Hierarcha zwrócił uwagę, że lekcje religii są obecne w 23 krajach Unii Europejskiej, choć mają różny kształt. – Są państwa, gdzie mają charakter wyznaniowy konkretnych religii, a są i takie, gdzie mają one postać religioznawstwa. Nie słyszałem jednak, żeby gdzieś był spór o same lekcje religii – stwierdził duchowny. Powiedział, że lekcje religii mają potencjał wychowawczy. – W szkole właściwie nie ma dziś przestrzeni do mówienia o wartościach i zasadach moralnych. (…) Lekcji etyki praktycznie nie ma. Uczniowie mogą pewne tematy poruszać na lekcjach wychowawczych, ale czasu na to jest mało – ocenił duchowny.
Przypomniał, że Konstytucja RP mówi wyraźnie „o współdziałaniu Kościołów i państwa dla dobra człowieka i dobra wspólnego”.
Lipcowa nowelizacja rozporządzenia poszerzyła możliwości organizacji nauki religii i etyki w grupach międzyoddziałowych i międzyklasowych złożonych także z wychowanków lub uczniów, którzy do tej pory nie byli łączeni na tych zajęciach z wychowankami lub uczniami z innych oddziałów lub klas.
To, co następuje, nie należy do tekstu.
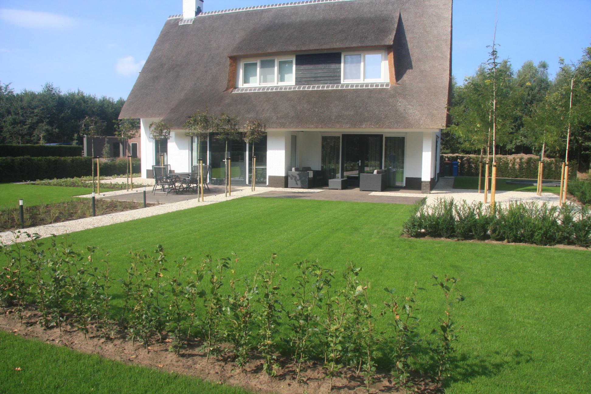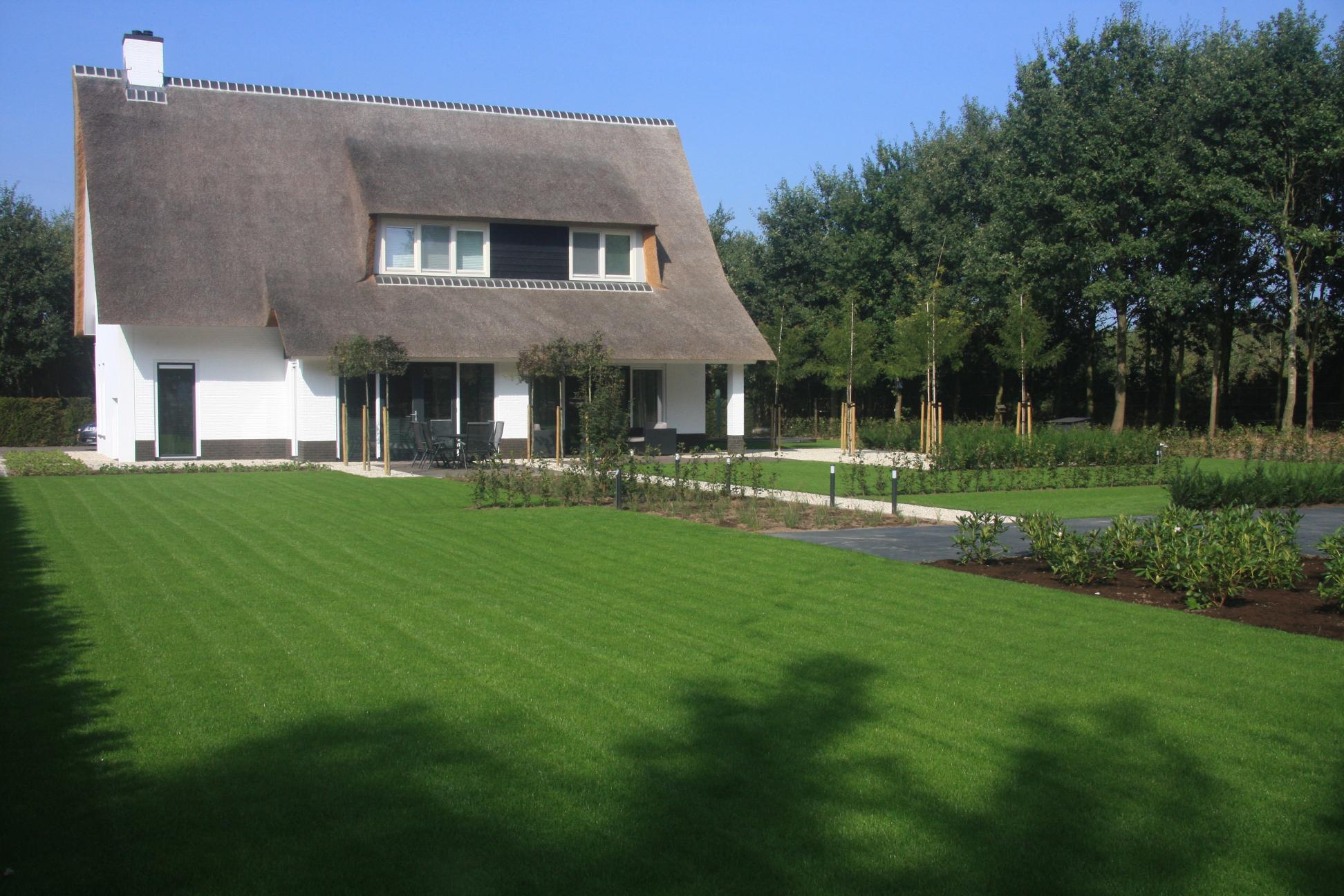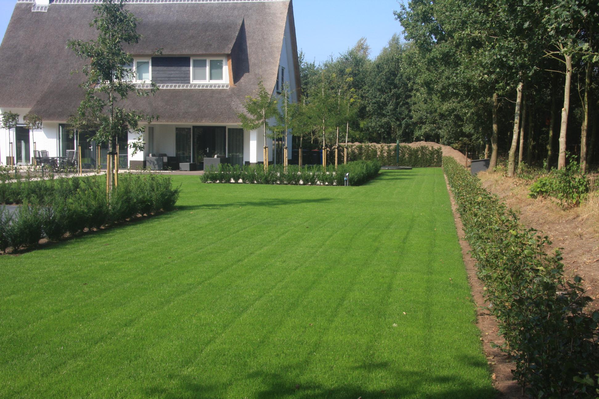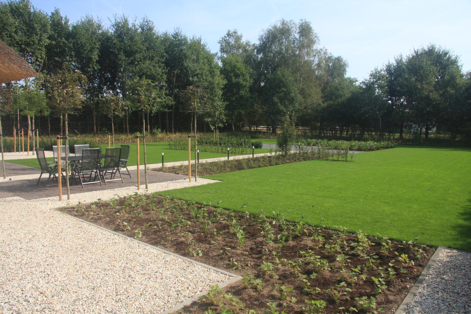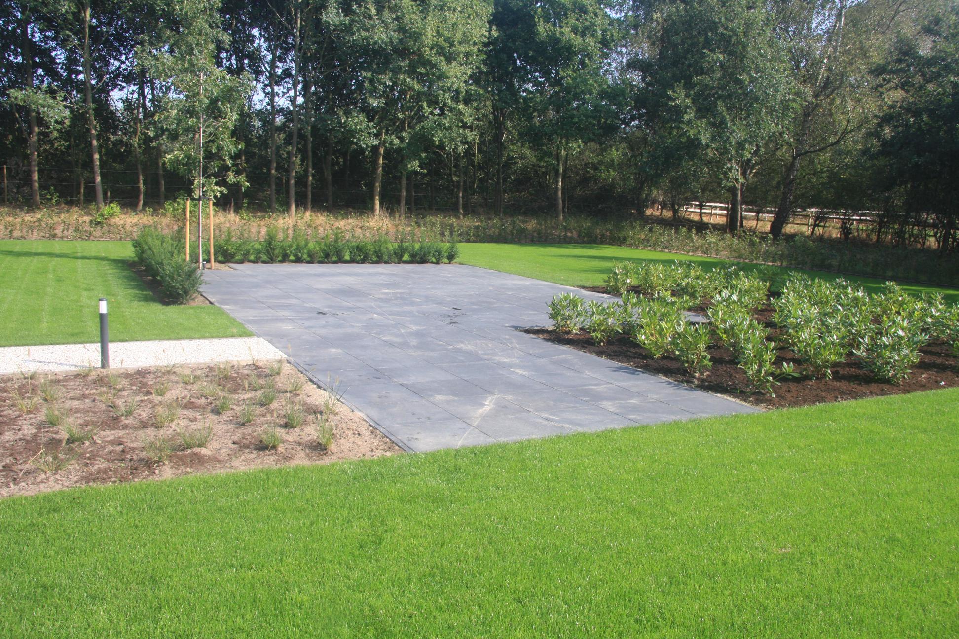 Voordat wij 750 m² graszoden hebben gelegd, hebben wij de ondergrond gefreesd, gewalst en uitgevlakt. Verder hebben wij ook nog in deze tuin In-Lite verlichting aangebracht

Zgodnie z nią dyrektor szkoły (przedszkola) będzie mógł połączyć w grupę dzieci z oddziałów lub klas, w których na naukę religii zgłosiło się siedmioro lub więcej uczniów. Jednocześnie zapisano, że w szkole podstawowej w jedną grupę można połączyć: uczniów klas I–III albo klas IV–VI lub klas VII i VIII. Określono też maksymalną liczbę osób, które mogą uczestniczyć w zajęciach: w klasach I–III szkół podstawowych wynosi ona 25, dla pozostałych uczniów we wszystkich typach szkół – 28. To samo ma dotyczyć lekcji etyki.
Według konsultora Komisji Wychowania Katolickiego KEP, ks. dra Marka Studenskiego, z perspektywy wychowawczej kompletnie niezrozumiałe i nie przynoszące owoców jest łączenie uczniów z różnych klas na lekcjach religii oraz odgórnie spychane ich na koniec zajęć. – Jako pedagog i wychowawca oceniam te zmiany krytycznie, i uważam, że nie zostały niepodyktowane dobrem pedagogicznym dziecka – powiedział duchowny. Zwrócił uwagę, że nie da się zrozumieć kultury europejskiej bez znajomości chrześcijaństwa. – Nawet ci, którzy dzisiaj odżegnują się od chrześcijaństwa, przyjmują jego wartości takie jak obrona najsłabszych, wykluczonych, mniejszości. Przecież to zapoczątkował Jezus Chrystus – zauważył ks. Studenski.
W marcu br. Sejm przyjął uchwałę w sprawie usunięcia skutków kryzysu konstytucyjnego lat 2015-2023 i stwierdził, że „uwzględnienie w działalności organu władzy publicznej rozstrzygnięć TK wydanych z naruszeniem prawa może zostać uznane za naruszenie zasady legalizmu przez te organy”. W końcu lipca Sejm przyjął natomiast dwie ustawy mające na celu zreformowanie TK, następnie poprawki do tych ustaw wprowadził Senat i obecnie oczekują one na rozpatrzenie przez Sejm. W Senacie trwają zaś prace nad projektem zmiany konstytucji w sprawie TK. Od czasu podjęcia uchwały przez Sejm wyroki TK nie są publikowane w Dzienniku Ustaw.